I was exhausted. I was stressed and scared. I was worried.
And it was Beth here.
My Beth.
Seven years later and I was locked in this cottage with her with nowhere to run. Nowhere to go.
It was her and me, and I’d dreamed about a version of this more times than I could count.
She’s going to get fucking sick, you degenerate pig.
Right. And that.
“This is my fault. I got you into this mess, Jada,” I said. “You feel like shit because of the drugs, but you’re going to wake up in two days and see that this is pretty much my fault.”
“Oh, that’s right.

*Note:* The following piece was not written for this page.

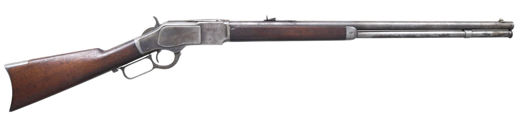 Cal. 22 Short RF. S# 372307B. Bbl. 24" round. Sporting sights. Full length tubular mag. Walnut forearm & straight grip stock w/ crescent steel buttplate. Mfg. 1891. CONDITION: metal has faded to gray w/ scattered areas of surface corrosion. Top of receiver & dust cover shows small dents. Forearm has small chip right of receiver. Inside mag. tube is intact. Dark pitted bore has little remaining rifling. (01-26505/DS). ANTIQUE. $1,800-2,500.
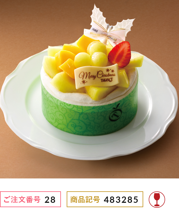 老舗フルーツ専門店が作ったクリスマスケーキ。スポンジ、ホワイトチョコムース、マンゴーのシラップ漬け、メロンムースを層にしてメロン風味のスポンジで巻いた一品です。

You kidnapped me.” She smiled a little as she said it.
“I did. I kidnapped you.”
Her breath shuddered and she closed her eyes and I expected to see her cry. I expected tears to stream out from under those outrageous lashes. I expected to watch the tears bathe those freckles I so dearly loved.
“I can’t pretend,” she whispered.
“Pretend what?”
“That I’m not me.” Her eyes opened, those amber eyes so familiar I knew them in my bones. “That you’re not you.”
I blinked and nearly said, very nearly said, I will. I will pretend for both of us.
But I kidnapped her and she felt like shit and it was only going to get worse.
“You don’t have to,” I said and she sighed. She sighed with such relief. Like my words gave her comfort. I regretted them in a heartbeat, and at the same time I regretted that I hadn’t said them earlier. The minute I saw her on that bed in Santa Barbara, I should have told her.
It’s me, Tommy, and I loved you once. I won’t hurt you. I will protect you.
I was ashamed that my instinct had been to turn away from her.
My fingers reached for her face, the a blue curl over her ear. I nearly brushed it back but stopped myself just in time.